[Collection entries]
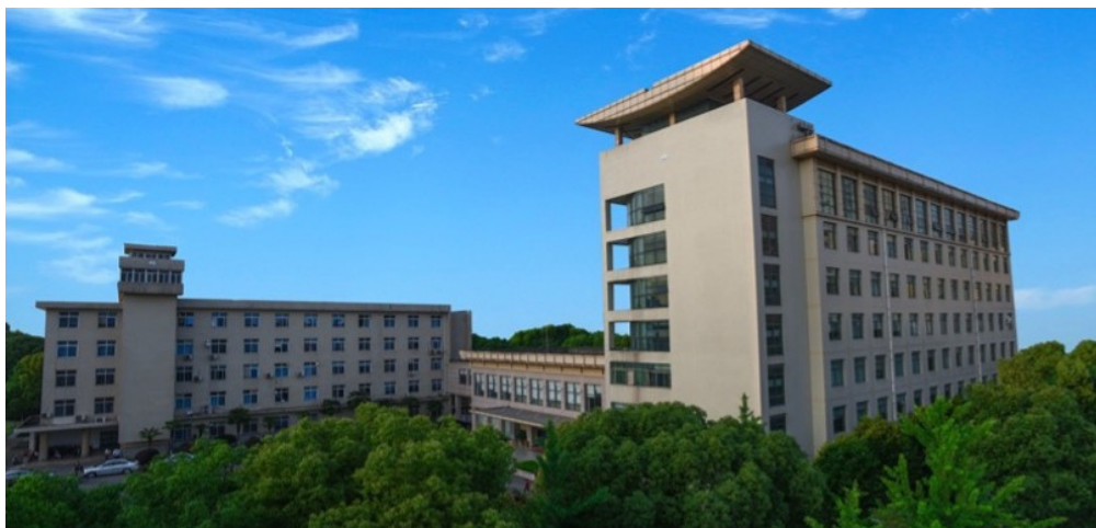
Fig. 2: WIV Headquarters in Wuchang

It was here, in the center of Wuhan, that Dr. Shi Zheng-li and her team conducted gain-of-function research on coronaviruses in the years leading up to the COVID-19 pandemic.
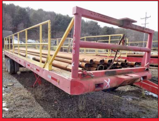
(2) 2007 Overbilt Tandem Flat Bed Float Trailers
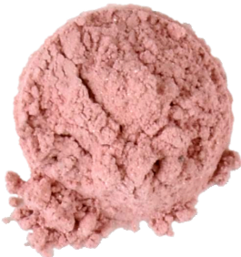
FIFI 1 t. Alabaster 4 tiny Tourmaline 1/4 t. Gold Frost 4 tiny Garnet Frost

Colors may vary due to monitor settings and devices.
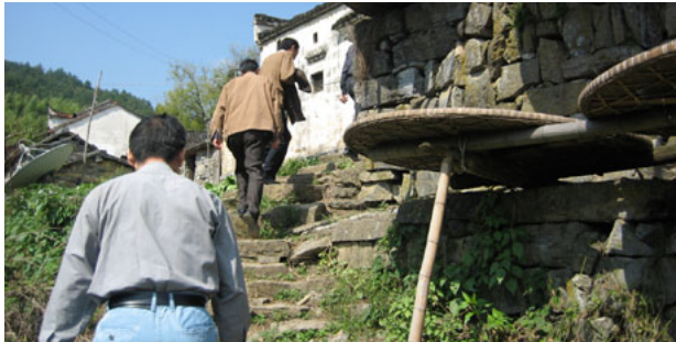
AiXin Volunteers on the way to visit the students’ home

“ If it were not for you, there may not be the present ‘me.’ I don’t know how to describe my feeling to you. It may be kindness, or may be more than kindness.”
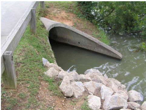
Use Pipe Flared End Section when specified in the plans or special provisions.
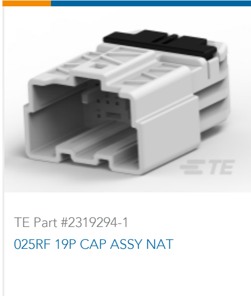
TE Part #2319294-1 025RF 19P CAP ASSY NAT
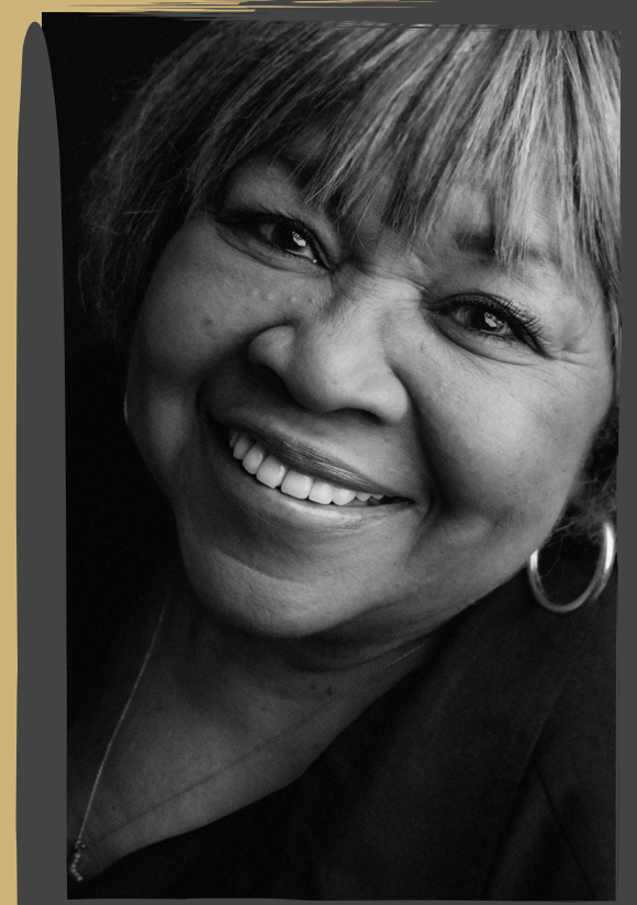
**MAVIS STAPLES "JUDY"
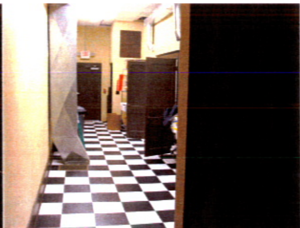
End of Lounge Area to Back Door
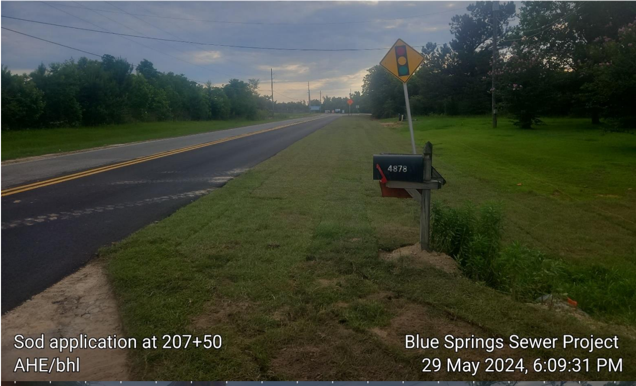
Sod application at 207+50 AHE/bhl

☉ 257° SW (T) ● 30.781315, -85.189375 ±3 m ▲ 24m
---
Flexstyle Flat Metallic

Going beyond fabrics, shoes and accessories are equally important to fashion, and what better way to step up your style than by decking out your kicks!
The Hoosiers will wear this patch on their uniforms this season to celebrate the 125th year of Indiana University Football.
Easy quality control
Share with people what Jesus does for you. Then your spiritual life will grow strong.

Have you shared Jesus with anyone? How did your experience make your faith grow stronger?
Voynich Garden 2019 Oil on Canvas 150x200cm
--
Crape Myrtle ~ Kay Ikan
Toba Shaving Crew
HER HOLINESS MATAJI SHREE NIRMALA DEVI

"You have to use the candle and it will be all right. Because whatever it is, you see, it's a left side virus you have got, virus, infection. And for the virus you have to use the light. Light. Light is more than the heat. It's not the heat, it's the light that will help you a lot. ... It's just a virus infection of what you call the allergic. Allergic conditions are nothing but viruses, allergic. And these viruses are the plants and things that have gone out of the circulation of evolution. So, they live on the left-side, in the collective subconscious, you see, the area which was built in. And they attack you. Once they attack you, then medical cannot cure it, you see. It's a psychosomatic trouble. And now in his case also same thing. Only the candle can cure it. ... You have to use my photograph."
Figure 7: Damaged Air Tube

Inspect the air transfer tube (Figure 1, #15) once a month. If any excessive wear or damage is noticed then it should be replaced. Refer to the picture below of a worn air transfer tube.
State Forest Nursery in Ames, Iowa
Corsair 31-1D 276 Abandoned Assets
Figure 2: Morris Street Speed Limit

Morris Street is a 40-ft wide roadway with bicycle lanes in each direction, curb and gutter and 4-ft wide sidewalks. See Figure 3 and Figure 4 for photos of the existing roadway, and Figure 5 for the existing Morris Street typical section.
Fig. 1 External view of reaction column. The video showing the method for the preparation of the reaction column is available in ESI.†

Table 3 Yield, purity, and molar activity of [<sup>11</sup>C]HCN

- _About this task_
Look above for the line with "Fig. 2: WIV Headquarters in Wuchang"; quote it and every line after it, stopping after the line with "-85.189375 ±3 m ▲ 24m", exactly, with nothing added and without pictures.

- _Exercise response_
Fig. 2: WIV Headquarters in Wuchang

It was here, in the center of Wuhan, that Dr. Shi Zheng-li and her team conducted gain-of-function research on coronaviruses in the years leading up to the COVID-19 pandemic.
(2) 2007 Overbilt Tandem Flat Bed Float Trailers
FIFI 1 t. Alabaster 4 tiny Tourmaline 1/4 t. Gold Frost 4 tiny Garnet Frost

Colors may vary due to monitor settings and devices.
AiXin Volunteers on the way to visit the students’ home

“ If it were not for you, there may not be the present ‘me.’ I don’t know how to describe my feeling to you. It may be kindness, or may be more than kindness.”
Use Pipe Flared End Section when specified in the plans or special provisions.
TE Part #2319294-1 025RF 19P CAP ASSY NAT
**MAVIS STAPLES "JUDY"
End of Lounge Area to Back Door
Sod application at 207+50 AHE/bhl

☉ 257° SW (T) ● 30.781315, -85.189375 ±3 m ▲ 24m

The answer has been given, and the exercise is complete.